Книга: На обратном пути
Назад: IV
Дальше: Седьмая часть

V

Курок спущен, камень летит вниз, темная рука растащила нас в разные стороны. Мы неслись от тени, но бежали по кругу, и она нагнала нас.
Мы шумели и искали, злились и жертвовали собой, пригибались, заводились, ошибались и неслись дальше, но все время чувствовали за спиной тень и стремились оторваться от нее. Мы думали, она догоняет нас, и не знали, что тащим ее за собой, что там же, где были мы, беззвучно была и она, что она не позади, а в нас, в нас самих.
Мы хотели выращивать сады и строить дома с террасами, потому что нам нужно было видеть море и слышать ветер, но мы не думали о том, что дому требуется фундамент. Мы были, словно изрытые воронками поля сражений во Франции: такие же мирные, как и пахотная земля, только усеянные пулями и гранатными осколками; там любой плуг в опасности, пока их не откопают и не выбросят.
* * *
Не осознавая того, мы все еще на фронте. Если бы юность Альберта прошла мирно, без разломов, многое в тепле и близости росло бы вместе с ним, поддерживало его и оберегало. Но все оказалось разбито; вернувшись, он оказался на мели; вся загнанная юность, затоптанные стремления, потребность в доме и нежности, не видя ничего вокруг, обратились на одного человека, которого он думал что любит. И когда все рухнуло, ему оставалось только стрелять, потому что больше он ничему не учился. Не побывай он на фронте, нашел бы множество других путей. А так у него даже рука не дрогнула; за долгие годы он привык поражать цель. В Альберте, мечтательном юноше, робком влюбленном, все еще жил Альберт-солдат.
* * *
Старая морщинистая женщина этого не понимает.
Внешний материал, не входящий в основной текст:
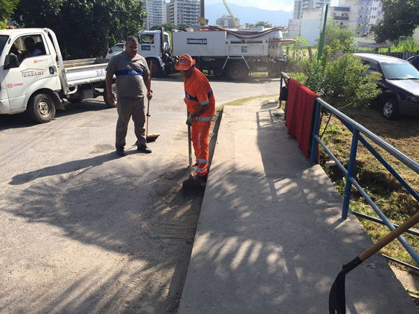 Atendendo a pedidos de moradores e ao ofício nº 090/2016, encaminhado pelo gabinete do Vereador Carlo Caiado, a Comlurb efetuou a poda de árvores na passagem de pedestres da ponte de madeira da Rua Clovis Salgado, sobre o Canal das Taxas, no Recreio dos Bandeirantes. As árvores estavam atrapalhando a iluminação, causando insegurança aos moradores.

– Как он мог? Он всегда был таким тихим ребенком!
Ленты старушечьей шляпы трясутся, носовой платок трясется, черная накидка трясется; вся она – сплошной дрожащий комок боли.
– Может, это потому что он остался без отца? Ему было всего четыре года, когда тот умер. Но он ведь всегда был тихим, хорошим ребенком.
– Он и сегодня такой, фрау Троске, – говорю я.
Она цепляется за эти слова и начинает рассказывать о его детстве. Ей нужно говорить, она больше не может терпеть, приходили соседи, знакомые, даже двое учителей, никто ничего не понимает…
– Им бы лучше помолчать в тряпочку, – говорю я. – Все они тоже виноваты.
Она смотрит на меня непонимающим взглядом, а потом опять рассказывает, как Альберт учился ходить, что он никогда не плакал, как другие дети, был даже слишком спокойным для мальчика – и вот на тебе. Как он мог?
Я в изумлении смотрю на нее. Она ничегошеньки не знает об Альберте. Может, моя мать тоже про меня ничего не знает. Матери умеют только любить, это единственное, что они понимают.
– Не забывайте, фрау Троске, – осторожно говорю я, – Альберт был на фронте.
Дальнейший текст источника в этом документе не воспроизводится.